This is equivalent to: \[ \lVert \mathbf{\hat{x}} \rVert = \sqrt{\hat{x}^{2}_{1} + \hat{x}^{2}_{2} + \cdots + \hat{x}^{2}_{n}} \]

Which you may recognize from the Pythagorean theorem. For clarity, I want to make it clear that the vector \(\mathbf{\hat{x}}\) we are defining above is the vector of coefficients expressed as a treatment contrast (the default in R). This is basically equivalent to the vector defined as the difference between \(\mathbf{\bar{x}}_{Dll}\), the mean vector in the treatment condition (i.e the Dll mutant) and \(\mathbf{\bar{x}}_{wt}\), the mean vector for wild type. So in this case we can think of it like this

\[ \mathbf{\hat{x}} = \mathbf{\bar{x}}_{Dll} - \mathbf{\bar{x}}_{wt} \]

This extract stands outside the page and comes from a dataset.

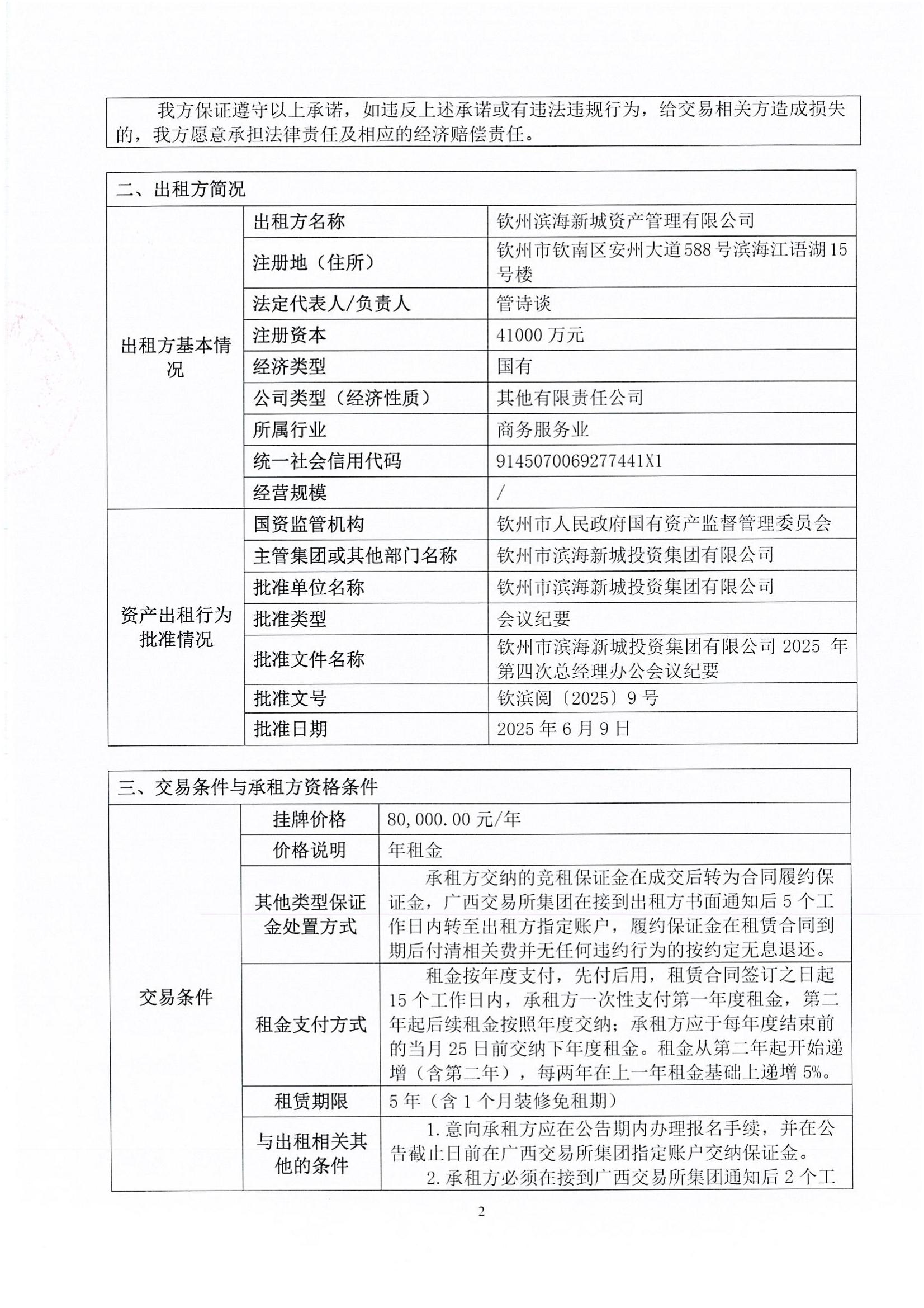 欽州市濱海新城地下綜合管廊(菩提路段)控制中心管理用房公開招租項目

For our model we can examine the coefficients easily

coef(mlm_fit1)

##             femur_s tibia_s tarsus_s  SCT_s
## (Intercept)  -0.069  -0.172   0.0624 -0.141
## genotypeDll   0.157   0.392  -0.1423  0.322

With the second row (genotypeDll) representing the treatment contrasts (differences) compared to the intercept, which in this case is simply the mean values for the wild type for the 4 traits.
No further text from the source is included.